What is being asked: In full and word for word, give the records again.

Stored records:
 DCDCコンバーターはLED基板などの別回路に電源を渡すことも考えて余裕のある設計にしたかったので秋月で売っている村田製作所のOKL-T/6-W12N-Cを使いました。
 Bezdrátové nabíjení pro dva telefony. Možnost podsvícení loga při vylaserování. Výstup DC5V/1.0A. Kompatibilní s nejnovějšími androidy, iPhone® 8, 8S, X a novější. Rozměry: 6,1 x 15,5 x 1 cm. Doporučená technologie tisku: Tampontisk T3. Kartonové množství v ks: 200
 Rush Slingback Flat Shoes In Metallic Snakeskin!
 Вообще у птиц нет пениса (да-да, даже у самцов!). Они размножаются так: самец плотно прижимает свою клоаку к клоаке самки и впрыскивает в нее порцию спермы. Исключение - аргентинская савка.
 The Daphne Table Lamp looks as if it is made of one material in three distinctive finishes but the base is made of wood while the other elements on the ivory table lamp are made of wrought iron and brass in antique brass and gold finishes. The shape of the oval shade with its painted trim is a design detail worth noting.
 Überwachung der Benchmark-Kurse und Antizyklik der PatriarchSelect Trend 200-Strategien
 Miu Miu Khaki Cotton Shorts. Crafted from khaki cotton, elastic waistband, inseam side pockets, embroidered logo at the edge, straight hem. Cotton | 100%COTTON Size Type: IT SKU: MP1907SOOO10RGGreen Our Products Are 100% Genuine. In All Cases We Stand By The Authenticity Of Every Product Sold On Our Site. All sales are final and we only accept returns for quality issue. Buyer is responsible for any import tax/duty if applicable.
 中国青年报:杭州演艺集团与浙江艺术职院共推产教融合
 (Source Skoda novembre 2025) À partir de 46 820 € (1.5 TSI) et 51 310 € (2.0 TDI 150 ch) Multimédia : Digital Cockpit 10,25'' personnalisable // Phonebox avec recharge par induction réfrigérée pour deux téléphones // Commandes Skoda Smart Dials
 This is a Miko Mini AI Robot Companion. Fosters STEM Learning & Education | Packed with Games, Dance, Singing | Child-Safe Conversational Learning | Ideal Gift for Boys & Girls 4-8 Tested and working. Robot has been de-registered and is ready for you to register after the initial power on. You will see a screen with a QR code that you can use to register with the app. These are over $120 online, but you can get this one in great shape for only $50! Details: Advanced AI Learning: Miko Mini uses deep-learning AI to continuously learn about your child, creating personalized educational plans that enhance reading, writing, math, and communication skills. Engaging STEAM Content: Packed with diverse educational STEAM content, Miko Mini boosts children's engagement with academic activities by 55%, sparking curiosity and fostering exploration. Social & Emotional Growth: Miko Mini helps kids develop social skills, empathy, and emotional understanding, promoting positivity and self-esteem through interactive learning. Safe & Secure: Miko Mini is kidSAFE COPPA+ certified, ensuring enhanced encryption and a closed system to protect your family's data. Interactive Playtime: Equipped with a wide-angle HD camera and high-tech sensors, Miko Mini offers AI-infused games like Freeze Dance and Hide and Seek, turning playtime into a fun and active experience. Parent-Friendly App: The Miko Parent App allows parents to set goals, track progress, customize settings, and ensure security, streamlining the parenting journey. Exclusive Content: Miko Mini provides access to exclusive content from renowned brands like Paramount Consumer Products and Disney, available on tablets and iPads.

Task solution:
 DCDCコンバーターはLED基板などの別回路に電源を渡すことも考えて余裕のある設計にしたかったので秋月で売っている村田製作所のOKL-T/6-W12N-Cを使いました。
 Bezdrátové nabíjení pro dva telefony. Možnost podsvícení loga při vylaserování. Výstup DC5V/1.0A. Kompatibilní s nejnovějšími androidy, iPhone® 8, 8S, X a novější. Rozměry: 6,1 x 15,5 x 1 cm. Doporučená technologie tisku: Tampontisk T3. Kartonové množství v ks: 200
 Rush Slingback Flat Shoes In Metallic Snakeskin!
 Вообще у птиц нет пениса (да-да, даже у самцов!). Они размножаются так: самец плотно прижимает свою клоаку к клоаке самки и впрыскивает в нее порцию спермы. Исключение - аргентинская савка.
 The Daphne Table Lamp looks as if it is made of one material in three distinctive finishes but the base is made of wood while the other elements on the ivory table lamp are made of wrought iron and brass in antique brass and gold finishes. The shape of the oval shade with its painted trim is a design detail worth noting.
 Überwachung der Benchmark-Kurse und Antizyklik der PatriarchSelect Trend 200-Strategien
 Miu Miu Khaki Cotton Shorts. Crafted from khaki cotton, elastic waistband, inseam side pockets, embroidered logo at the edge, straight hem. Cotton | 100%COTTON Size Type: IT SKU: MP1907SOOO10RGGreen Our Products Are 100% Genuine. In All Cases We Stand By The Authenticity Of Every Product Sold On Our Site. All sales are final and we only accept returns for quality issue. Buyer is responsible for any import tax/duty if applicable.
 中国青年报:杭州演艺集团与浙江艺术职院共推产教融合
 (Source Skoda novembre 2025) À partir de 46 820 € (1.5 TSI) et 51 310 € (2.0 TDI 150 ch) Multimédia : Digital Cockpit 10,25'' personnalisable // Phonebox avec recharge par induction réfrigérée pour deux téléphones // Commandes Skoda Smart Dials
 This is a Miko Mini AI Robot Companion. Fosters STEM Learning & Education | Packed with Games, Dance, Singing | Child-Safe Conversational Learning | Ideal Gift for Boys & Girls 4-8 Tested and working. Robot has been de-registered and is ready for you to register after the initial power on. You will see a screen with a QR code that you can use to register with the app. These are over $120 online, but you can get this one in great shape for only $50! Details: Advanced AI Learning: Miko Mini uses deep-learning AI to continuously learn about your child, creating personalized educational plans that enhance reading, writing, math, and communication skills. Engaging STEAM Content: Packed with diverse educational STEAM content, Miko Mini boosts children's engagement with academic activities by 55%, sparking curiosity and fostering exploration. Social & Emotional Growth: Miko Mini helps kids develop social skills, empathy, and emotional understanding, promoting positivity and self-esteem through interactive learning. Safe & Secure: Miko Mini is kidSAFE COPPA+ certified, ensuring enhanced encryption and a closed system to protect your family's data. Interactive Playtime: Equipped with a wide-angle HD camera and high-tech sensors, Miko Mini offers AI-infused games like Freeze Dance and Hide and Seek, turning playtime into a fun and active experience. Parent-Friendly App: The Miko Parent App allows parents to set goals, track progress, customize settings, and ensure security, streamlining the parenting journey. Exclusive Content: Miko Mini provides access to exclusive content from renowned brands like Paramount Consumer Products and Disney, available on tablets and iPads.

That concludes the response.